P.S. Lady Di had an inborn love to kids: she even worked as kindergarten teacher when she was 18! Small remark: it was a private kindergarten for kids from rich, privileged families.  

Saturday, May 3, 2014

Reading News.

Thinking a career in journalism, I started reading different media resources both in Russian and English pretty often. Things happening in Ukraine made me read them even more often, every morning opening the Internet expecting the worst. Yesterday my fears came true: Odessa happened. But it wasn’t just nightmare of a lot of people being killed without any reasons or explanations that made me angry. It was actually another story that was in the top list of BBC that I read right after reading about conflict in Ukraine. Jeremy Clarkson: BBC upbraids presenter over 'racist' clip. Basically, three pages discussing whether some journalist from BBC used an N-word in his clip
“filmed several years ago and never broadcast” or not. The article cites different editors and the journalist himself, gives arguments pro and contra and discusses whether Mr. Clarkson should be punished or not. Finally, it posts the video itself. I watched it three times in a row. Here it is: http://www.mirror.co.uk/news/uk-news/video-watch-jeremy-clarkson-use-3481201
I mean, may be English is not my native language, but  for God’s sake, there is NO N-word in this clip: the guy pronounces his speech very quickly and unclear so you can notice there whatever you want.
            Anyway, at the end of the article the journalist gives other examples of Mr. Clarkson “racism”: joking in his TV-show that “they would not receive complaints because the Mexican ambassador would be asleep” and using the word "slope" as an Asian man crossed a newly built bridge over the River Kwai in Thailand. I read this article right after reading about dozens of people being killed, injured, and arrested, about tanks shooting at the crowd of unarmed people, about the police not trying to prevent any acts of violence. Those stories were next to each other as “the most read” recently. Then I went to The New York Times to see what they say about this slaughter in Ukraine. There was nothing on the first page. Nothing! I had to go to “World” section to see four sentences with scant facts about the building on fire and 30 victims.

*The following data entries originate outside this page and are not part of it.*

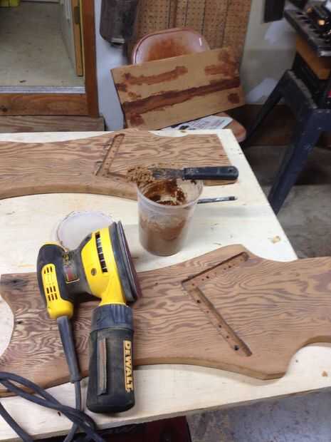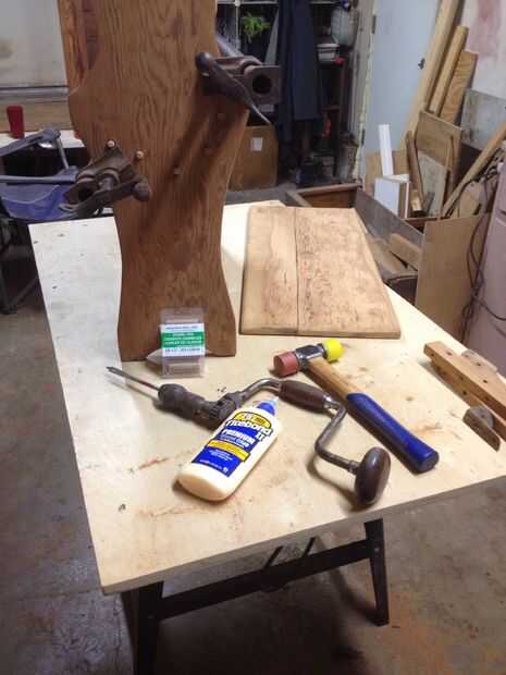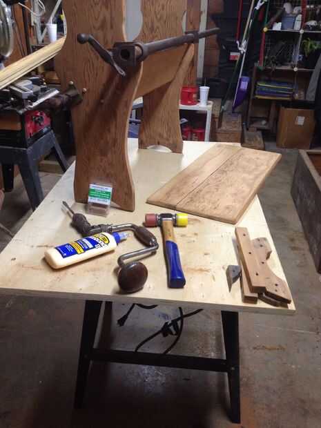 Como ya mencionado, esta pieza fue lleno de la vieja desagradable cabeza plana tornillos y clavos, dejándome con una pista en cuanto a tener reparaciones y como intentaron en él en el pasado. La parte superior había agrietado totalmente aparte y los pies estaban en peores condiciones. Después de rellenar las grietas y desmontaje noté que el fabricante original tomó el tiempo de receso de la estantería en los pedazos de extremo vertical. Alguien también había avellanado de los tornillos de la estantería en los extremos. Quería un look más clásico, así que decidí usar tacos en lugar de clavos o tornillos. Además, una añada esviados plantilla propiedad de mi abuelo fue utilizada para arreglar la grieta sobre la pieza superior.
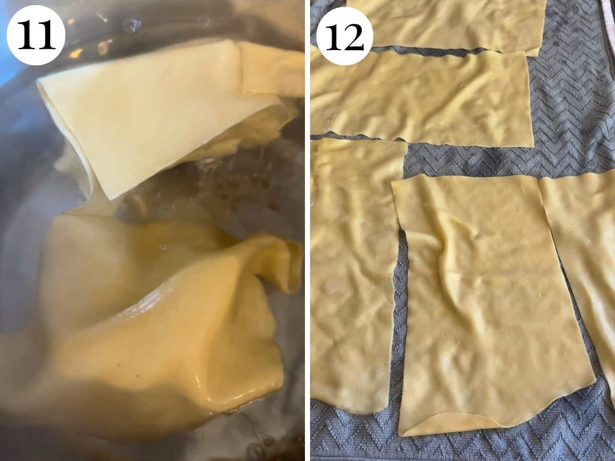• Cut the pasta into sheets the same size as your baking dish (or thereabouts) and blanch them 2-3 at a time for around 30 seconds in the boiling water. Remove carefully with kitchen tongs and lay on a clean kitchen towel to air dry for a few minutes. Continue with the rest of the pasta in batches.
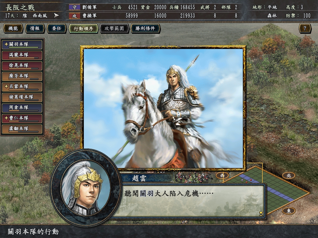贴个荆州攻防战挨17天的图,我这次连鼓舞都没用,单挑也没用,关键是出了水淹七军的剧情,没了于禁庞德,曹仁满宠剩一队就好打多了,满宠开始被吸引跟着关羽那边过河,看来用关羽的位置来控制敌军的走位是可行的,关羽尽量伏在大片树林的东北边,就是靠河悬崖上远离地图边缘的那些树林里,就能吸引敌人从城塞那边攻而暂时不包抄,最后被越逼越后推到边缘,陆逊才坐斗舰从后面包抄,但那是已经17天,援军来了,可惜挂了关平
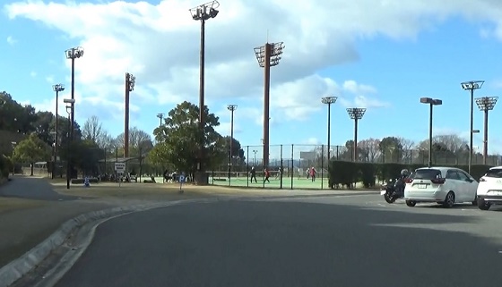 水源池北側から熊野町民グラウンド北側へ移動。観音山登山口の
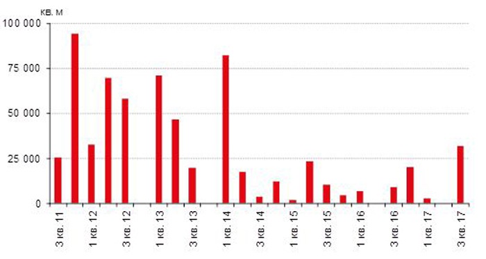 Объем сделок на офисном рынке Киева за 3-й квартал составил 41,3 тыс. кв. м, за первые три квартала в целом – 131,8 тыс. кв. м. Эти значения на 7-15% ниже показателей 2016 года, но более чем на 30% превосходят значения 2014-2015 годов. По-прежнему в структуре сделок лидируют компании сектора информационных технологий.
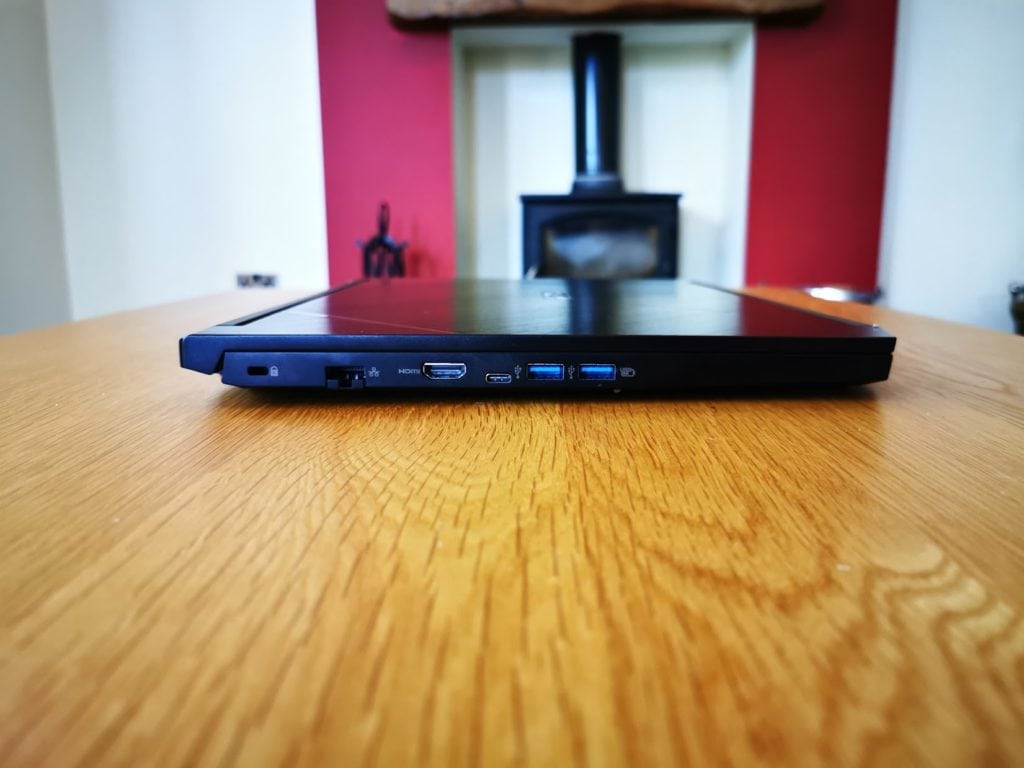 There are plenty of ports included, and this thankfully includes a gigabit ethernet port. Due to the slim nature of the laptop, it expands open. There are plenty of other connections too, including 1x USB 2.0, 2x USB 3.1, 1x USB 3.1 Type-C and then you also get an HDMI 2.0 port out. So you should be able to set this up in a dual monitor desktop environment without buying more cables and adaptors.
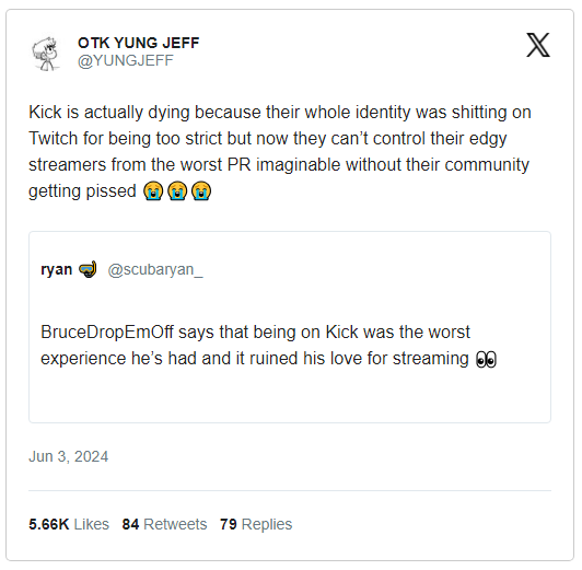 Last week, BruceDropEmOff returned to Twitch, a year after he became a marquee signing for Kick. This kickstarted (no pun intended) a debate on Twitter/X including the now-deleted post below.
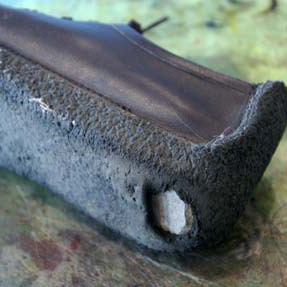 一段目のラバーリフトが無くなりますと、土台部分の革は、さくさくと減ってしまいますので
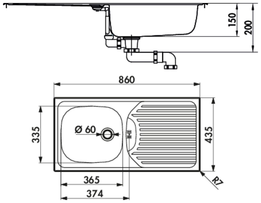 Rayon de courbure de l'évier (R):
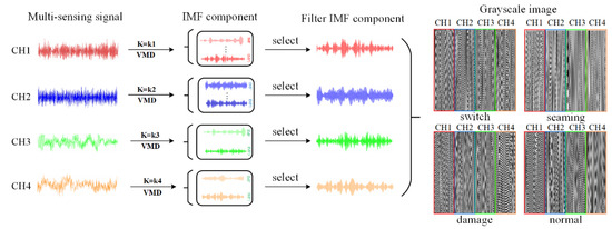 Rail vehicles contain strong background noise in actual work, which makes it difficult to obtain comprehensive state characteristics by analyzing the signal measured by a single sensor, which affects the accuracy of state recognition, and the selection of better sensor location depends on the practical test experience of experimenters. Therefore, at the feature level, this paper arranges the filtered IMF components in turn and converts them into grayscale images. The grayscale image coding is shown in Figure 2.

So three pages discussing whether some guy said N-word or not and how bad was his joke about Mexican minister and four sentences about dozens of people in Europe (not even in Africa!) dying ridiculously and pointlessly, by someone’s stupid mistake or by someone’s malicious intent. Obviously, everyone chooses whatever is more important for him, what he wants to discuss. But it seems to me ridiculous to organize huge discussions about gay marriages and to argue whether a girl should always pay for herself in the restaurant - in the world where we can’t prevent people from being killed for nothing, for someone’s wealth or power. I don’t talk about politicians and government (I never really relied on those ones), I talk about everyone’s personal responsibility. After all, mass media publishes not only things that they are told to publish but also things that a reader would like to see, that a reader loves to discuss. May be, we should start from fighting for basic human rights before talking about N-words or jokes about someone’s ministers?